# Identify type of disk



## srchi (Mar 2, 2021)

I'm trying to create zpool based on type of hard disk(HDD,SSD and NVMRAM).
But how to identify the disk type?
Preferred: command or any logic to identify but no additional package need to install to check disk type. But still welcome for package installation if we don't have any option.


----------



## SirDice (Mar 2, 2021)

`camcontrol devlist`? There are probably also a few sysctls that could provide some information. You're not going to be able to tell what it is just by looking at the device name as they'll probably all going to be da(4) devices (except the NVMe drives, they'll show up as nvd(4)/nda(4)).


----------



## ralphbsz (Mar 2, 2021)

For SCSI disks, the Inquiry command will return whether a device is a disk, tape, or other. And reading mode page 4 (which can be done with "camcontrol modepage) will tell you the RPM (rotations per minute) for spinning disks, and whether the disk is spinning at all.

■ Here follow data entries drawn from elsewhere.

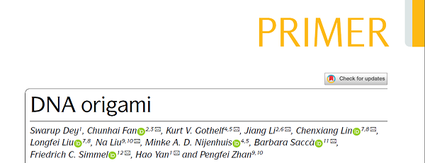 近日,应Nature系列新上线期刊Nature Methods Reviews Primers邀请,爆料网 樊春海院士领衔组织了DNA纳米技术领域多个国家的知名学者,包括美国亚利桑那州立大学Hao Yan教授、耶鲁大学Chenxiang Lin教授,德国慕尼黑工业大学Friedrich C. Simmel教授、杜伊斯堡-埃森大学Barbara Saccà教授、马普研究所Na Liu教授,丹麦奥胡斯大学Kurt V. Gothelf教授,中国科学院上海高等研究院/张江实验室李江研究员等,共同撰写了题为 “DNA origami” (DNA折纸术)的领域引导性综述,并发表于该刊2021年1月的创刊号上(//doi.org/10.1038/s43586-020-00009-8)。编辑同期配发了PrimeView进行推介。
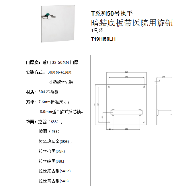 T系列50號執手 暗裝底板帶病院用旋鈕
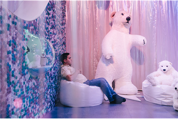 De ruimte is gevuld met kleurrijke lichtjes, tropische geluiden, en zachte materialen die de zintuigen prikkelen en een gevoel van rust en welzijn bevorderen.
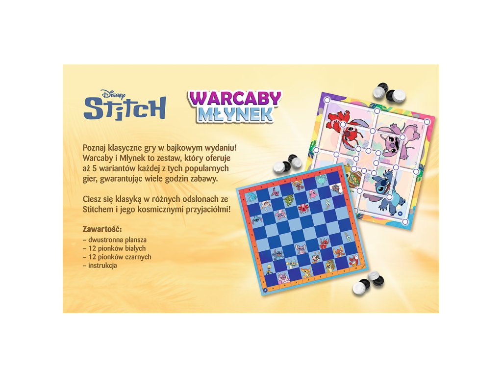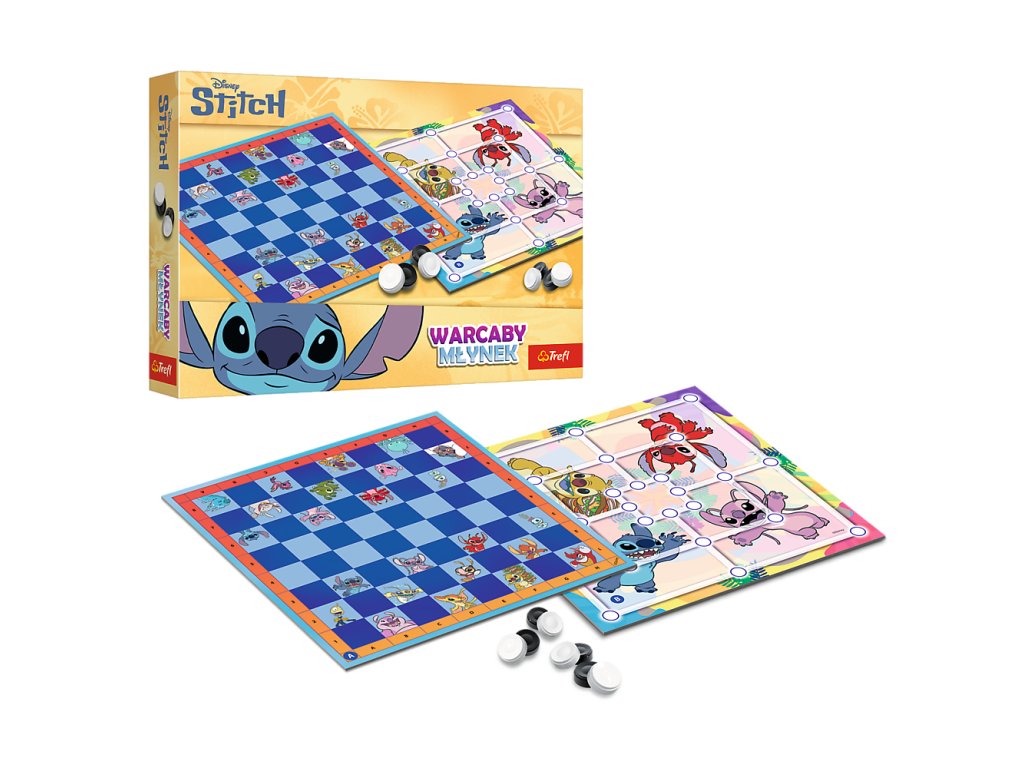 - Hra Dáma a Mlýnek Lilo a Stitch Trefl 02799 představuje tradiční zábavu s oblíbenými postavami z pohádky Lilo & Stitch
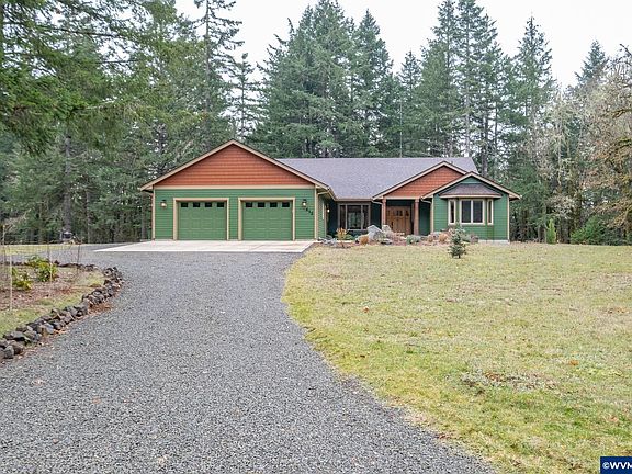 A peaceful and private forest oasis home just minutes from downtown Dallas! This custom built ranch boasts views of the surrounding 9.92 acres of fir and meadow. Features include; 9' ceilings and vaulted living room, beautiful woodwork, and kitchen island and gas range. A circulating pump provides instant hot water throughout! Outdoor features include fenced pasture, greenhouse, orchard, and barn.
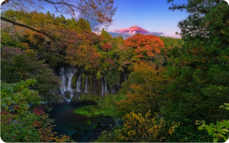 Q: 폭포 외에 일본의 자연 경관을 즐길 수 있는 방법이 있나요?
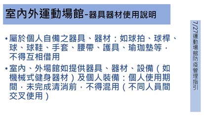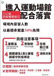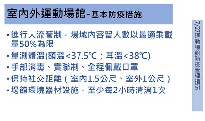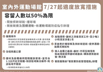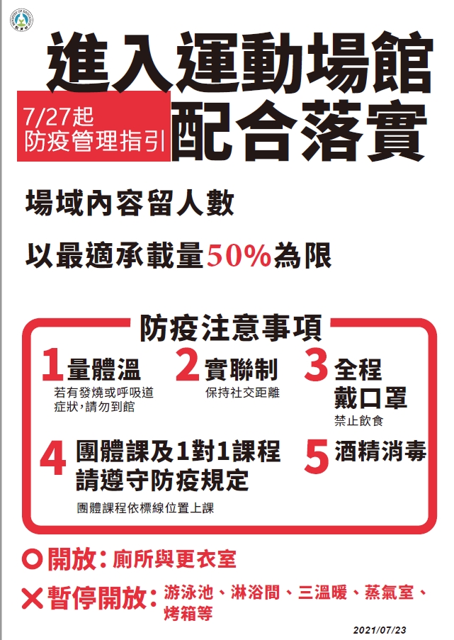 另外,國民運動中心、港區運動公園(不包括所轄游泳池及跳水池)配合防疫規定及防疫管理指引得開放使用;公立戶外運動場域方面,若現場有專人管理,可落實並管控實聯(名)制者,得開放使用;步道、操場或田徑場等屬走動式不接觸設施亦開放使用,但附設兒童遊具或體健設施等因難以保持社交安全距離、即時消毒及落實實聯(名)制,仍暫停開放。

The acronym "NVMRAM" you use is confusing. Do you mean NVRAM? That acronym is used in two ways, either for the whole class of semiconductor storage devices (which includes SSDs and NVMe storage devices), or more specifically for non-volative memory that has the speed of normal RAM (Intel's 3D Xpoint is the closest thing consumers will encounter). Or do you mean NVMe, which is a specific technology to connect solid-state disk drives with more parallel interfaces, and the ability to create networks? Or do you mean MRAM, which is a very specific (and unusual) technology for solid-state disks, which relies on magnetic technology? I bet you mean NVMe. The way to distinguish between traditional SSDs (which are connected via SCSI or SATA) and NVMe is the device name, as SirDice said: da... and ada... versus nvd... and nda...

But in reality: If you explain to us what you are really trying to accomplish, maybe we can help more. You are trying to create a ZFS pool? What difference does it make whether the underlying disk is rotating, SSD, and how connected?


----------



## srchi (Mar 3, 2021)

Im trying to create zpool configuration
condition: if i found HDD disk i need to create mirror/RAIDZ with HDD disks. 
if i found SSD/NVM then i need to create cache configuration


----------



## ralphbsz (Mar 3, 2021)

So all you want to know: "spinning rust" versus "silly con"? Easiest thing to do: "camcontrol identify" on /dev/adaX, then grep the result for "RPM", and check whether you see a number or "non-rotating". I don't have a SCSI disk handy, so I can't tell you what to look in the output of "camcontrol modepage /dev/xxx -m 4". No packages required, these are all built-in commands.


----------



## Snurg (Mar 3, 2021)

Is that RPM information actually available on older drives manufactured when SSD were not yet as common as today?
If this is not guaranteed, I don't think this would be reliable.
There are other tricks, some examples here, but they have all their uncertainties.
For my part, with my present little knowledge, I believe making a reasonably reliable recognition might be next to impossible.


----------



## Bobi B. (Mar 3, 2021)

diskinfo(8) can help: `diskinfo -v da0`

But lately to see what disks are available I use gstat(8), like `gstat -pb`, because some disks are not listed by `camcontrol devlist` (like mfi(4) or nvd(4)).


----------



## srchi (Mar 3, 2021)

disks are attached as below
left side(1st server):NVM disk attached | right side(2nd server):SSD disk attached
but i didnt see any diff with respect to the disks.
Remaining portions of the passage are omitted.